3. Internal controls for employee expense reports

Employee expense report schemes can be very costly. They can range from free lunches to purchases of expensive gifts and international travel. Employees can overstate business expenses in many ways:

  • by altering receipt copies
  • by providing counterfeited receipts
  • by providing the same receipts for multiple reimbursements
  • by overspending (e.g., buying first-class air tickets)
  • by listing fictitious expenses
  • by listing expenses of others (e.g., other employees, clients) 

An employer can set the following internal controls for employee expense reports (non-exhaustible list):

  • The company should issue a set of policies concerning appropriate (allowable) business expenses.
  • It is advisable to require a detailed expense report (e.g., date, time, place, business nature).
  • Expense reports should be approved by a supervisor.
  • Employees should provide original receipts
  • It is helpful to audit expense reports at random and follow-up with employees regarding unauthorized expense submissions.

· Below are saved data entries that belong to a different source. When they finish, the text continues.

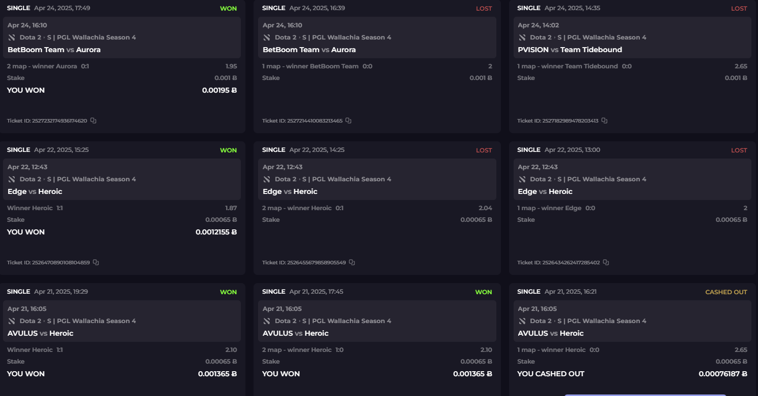 I have no issue providing my betting history at betpanda if you want me to. I bet on Dota 2 esports, moneyline, highest tier of competition.
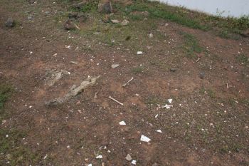 El otro ave, un gallo al que le habían cortado la cabeza recientemente, aparecía solitario en la parte de atrás. Además, se pudieron divisar gran cantidad de huesos de animal,restos de éstos semienterrados y dos pequeños cercos de piedra en un lateral, uno de ellos al que le habían realizado una pequeña excavación, como si alguien pretendiese introducir algo. También aparecían dos pequeñas tumbas, una con una cruz y otra con flores, que parecían de animales, en el otro lateral.
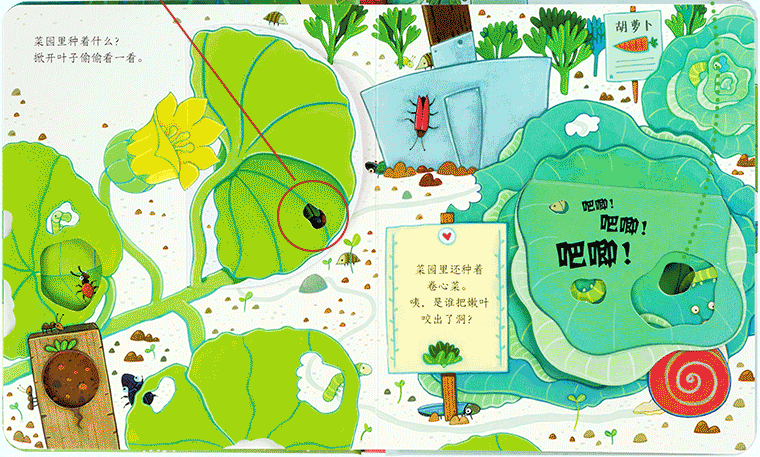 6.巧用镂空和翻翻工艺,营造捉迷藏的效果,让孩子始终保持新鲜感和探索欲;
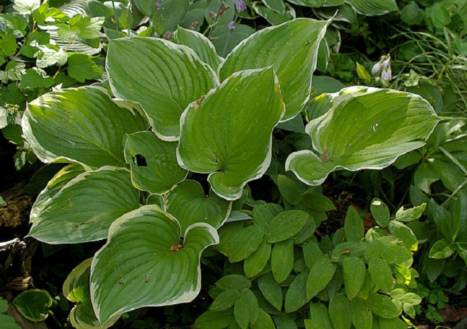 Hosta 'Super Sagae' w ogrodzie Eli/muchazezlotym, prezentuje się nieco inaczej.
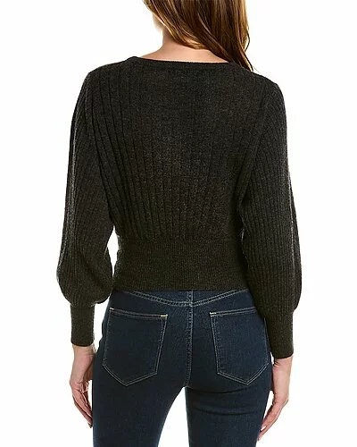 - Cropped Wool & Cashmere-Blend Sweater in grey with ribbed design and dolman sleeves
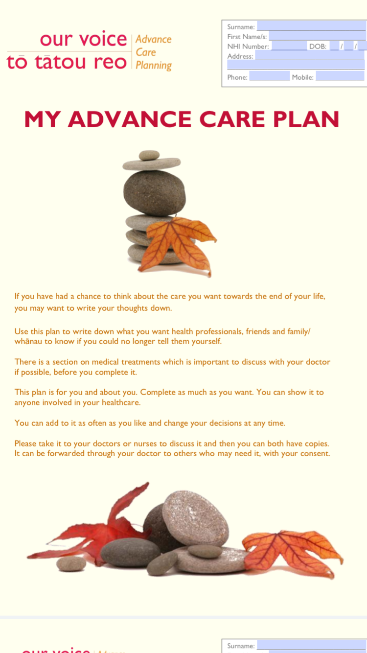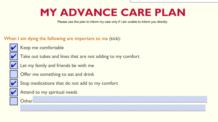ACP 에 사용되는 문서 양식은 다양하게 있는데, 수업에서 사용하였던 것은 뉴질랜드의 The National Advance Care Planning Cooperative 라는 한 비영리민간단체에서 사용하는 양식이었습니다. (www.advancecareplanning.org.nz)
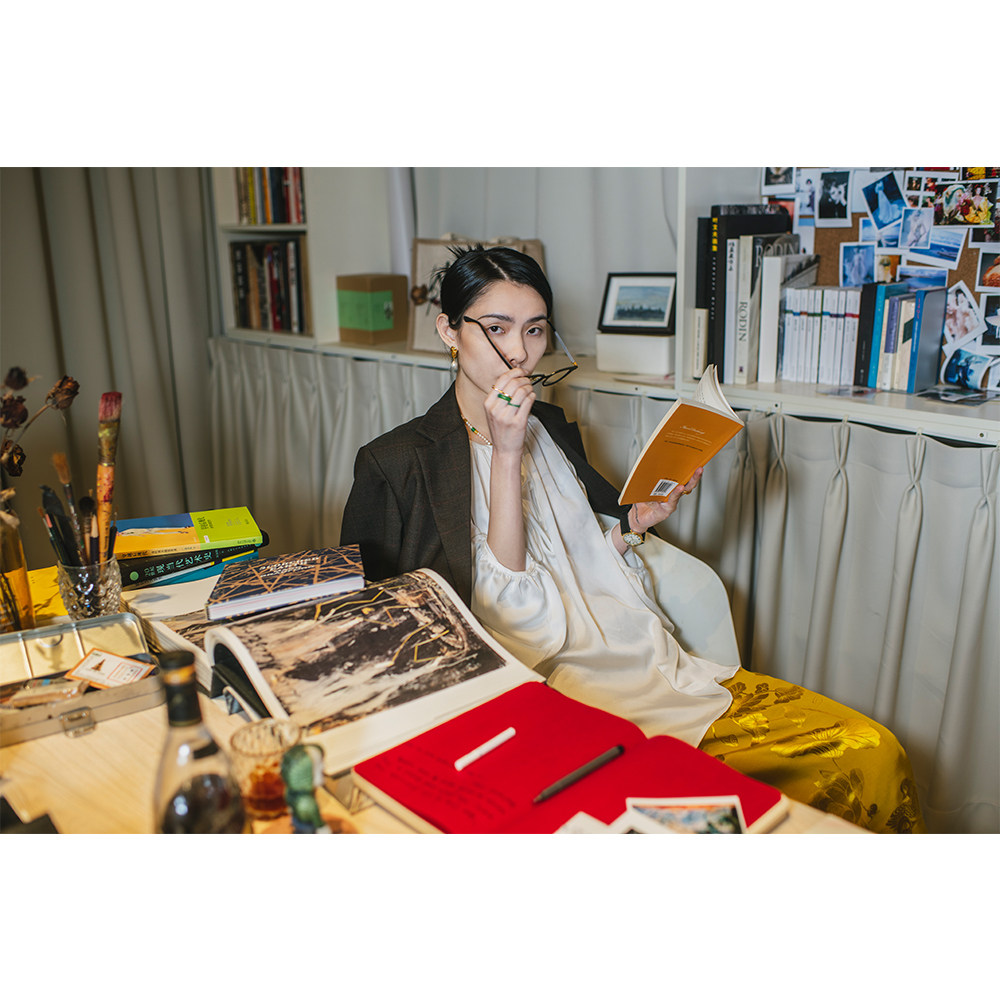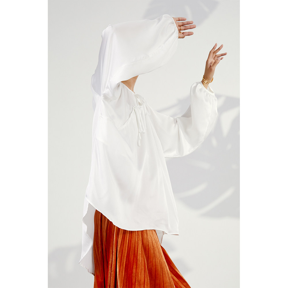 (Fashion Week) Lacquered Moon Designer White Lantern Sleeve Blouse Show Lace Satin Double-breasted Chinese Jacket
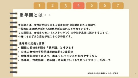 冒頭では、ファシリテーターの方から更年期についての基礎知識をわかりやすく説明していただき、自分の知識が意外にあいまいだったことに気づかされました。
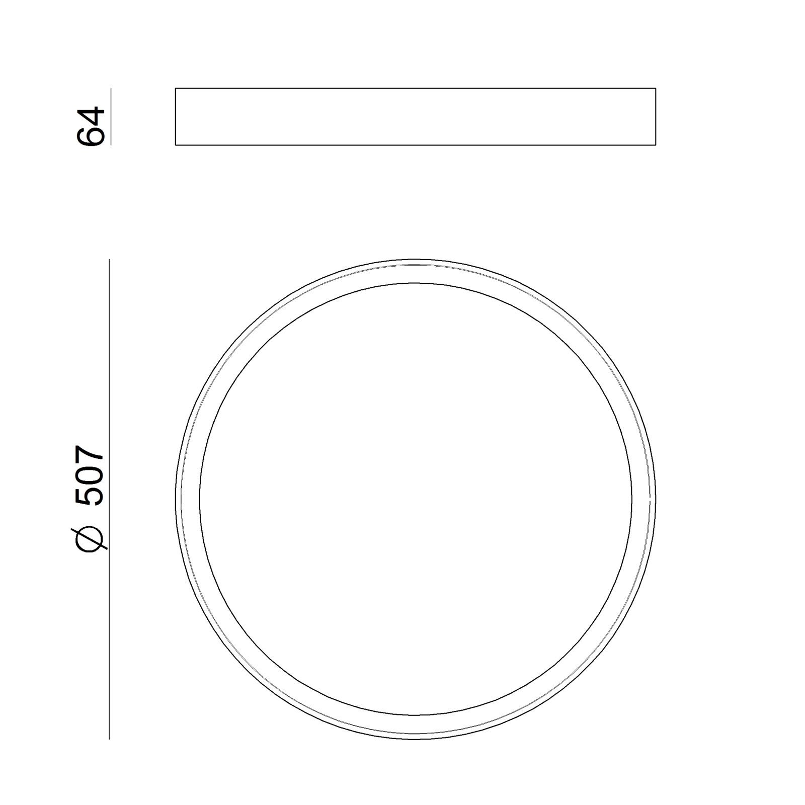 Plafone a singola emissione per applicazione indoor. La sorgente luminosa LED, di colore bianco caldo, con distribuzione luminosa General Lighting, è composta da 1 LED topled, con una CCT 3000 K ed un CRI 80; il flusso luminoso della sorgente è di 4883 lm, con un'efficienza nominale di 119.1 lm/W.
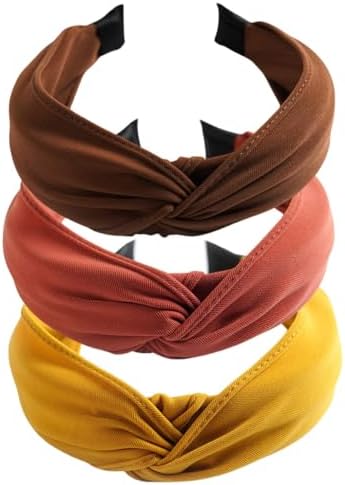scicent Head Bands 3 Pieces Hairbands Women Twist Knotted Vintage Headwraps Hair Accessories Elastic Hair Bands Thick Head Band Party Headbands for Girls (Yellow+Coffee+Tangerine) – 9818
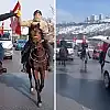Banazılılar bu açıklamanın ardından, arabalar ve onlara eşlik eden atlarla birlikte konvoy oluşturup Türk bayrağı salladılar.
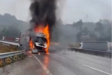 Bursa-Yalova yolunda bir tır seyir halindeyken alev aldı
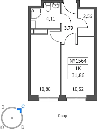 Имеется застекленный балкон с панорамными окнами в пол и с потрясающим видом.
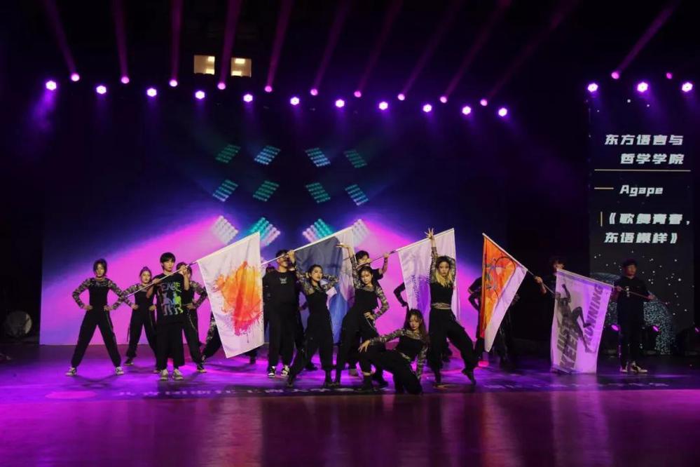 “杭州你好!亚运你好!”2022年杭州将迎来万众期待的亚运会,国产自拍 学子们也积极地涌入迎接亚运的浪潮,以舞蹈的形式为展现着东语学生热情迎亚运的场景。伴随着动感的音乐和绚丽的灯光,舞台上挥舞起来五面不同意义的旗帜下,国产自拍 啦啦操队员们热情起舞,击掌,旋转,踏步,奔跑……除了这一个个热烈而鲜活的青春模样,台下的观众也真切感受到了赛场上竞技的火热精彩和充满热血的亚运精神。
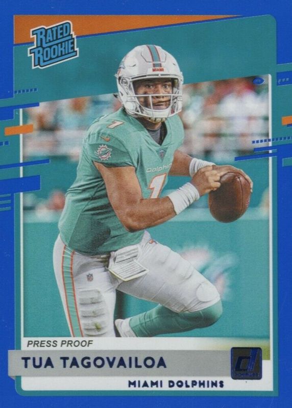 2020 Donruss Tua Tagovailoa Rated Rookie Blue Press Proof #302
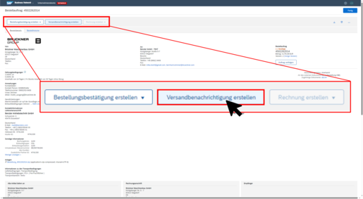 Alternativ können Sie direkt im Einkaufsbeleg per “Versandbenachrichtigung erstellen” eine Versandbenachrichtigung erstellen.
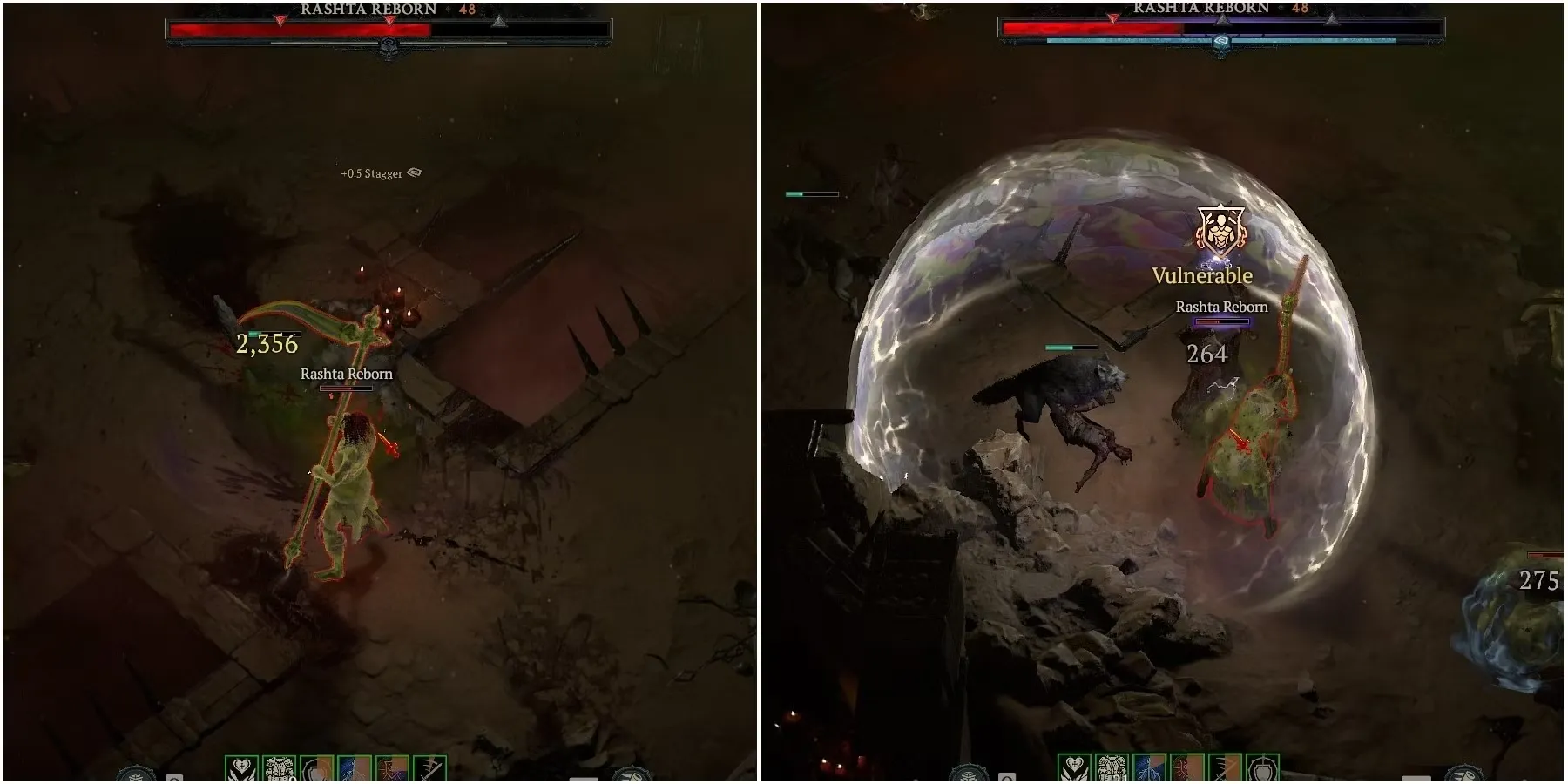 Хотя некоторые дебаффы действуют на боссов так же, как и на обычных монстров, эффекты Crowd Control в Diablo 4 вместо этого накапливают полоску Stagger. Под счетчиками здоровья боссов находится полоса, которая медленно увеличивается по мере того, как игроки наносят им все больше урона от КК. Когда счетчик Stagger достигнет своего предела, босс будет оглушен примерно на 10 секунд.
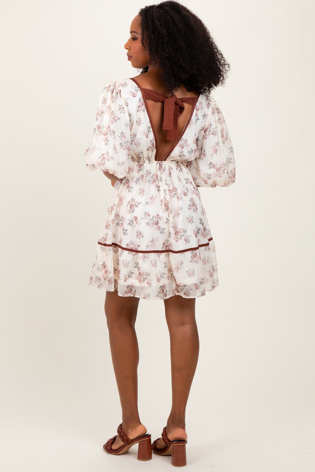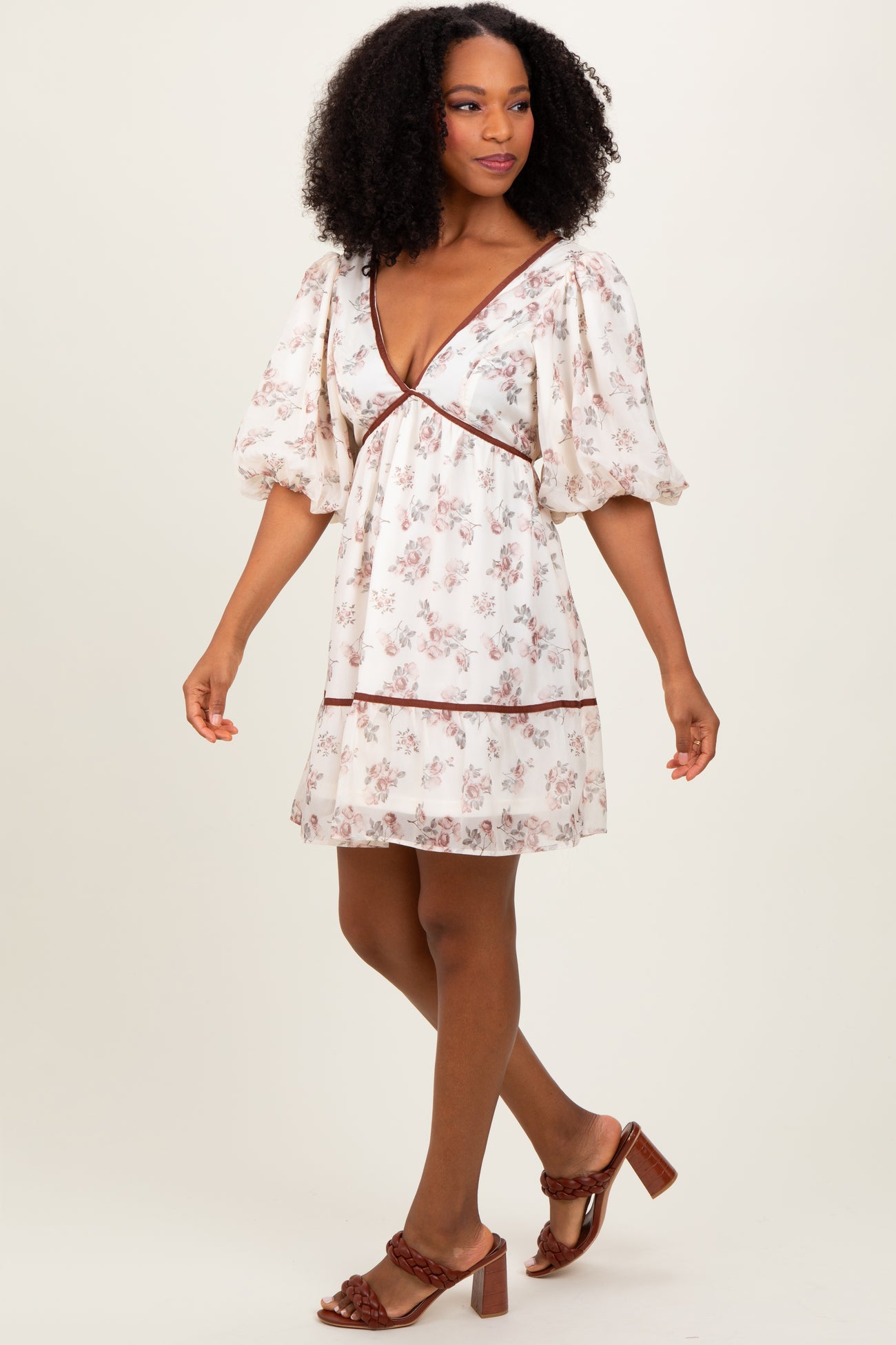 Step into effortless elegance with our Cream Floral Deep V-Neck Back Cutout Dress. This charming dress features a delicate floral print on a soft cream backdrop, perfect for spring and summer occasions. The deep V-neckline adds a touch of allure, while the feminine puff sleeves create a playful silhouette. Designed with a flattering empire waist and back cutout detail, it offers a breezy fit that moves gracefully with you. Finished with brown trim accents and a flowy hem, this dress pairs beautifully with sandals or heels for daytime brunches, garden parties, or romantic evenings. Embrace your feminine side with this must-have statement piece!
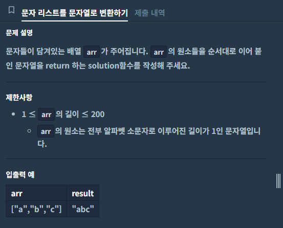 문자열이 담겨있는 배열 arr가 주어집니다. arr의 원소들을 순서대로 이어 붙인 문자열을 return 하는 solution함수를 작성해 주세요.

For example, an employee might mischaracterize personal expenses as overnight travel. In such a case, during the audit the company can compare the employee expense report with the employee’s work schedule.
  • The company can audit for consecutively numbered receipts from the same establishment (e.g., restaurant, taxi)
  • Repeat offenders should be audited more often (i.e., not at random).
  • The company can establish an automated expense reporting system with an interface that can spot violations.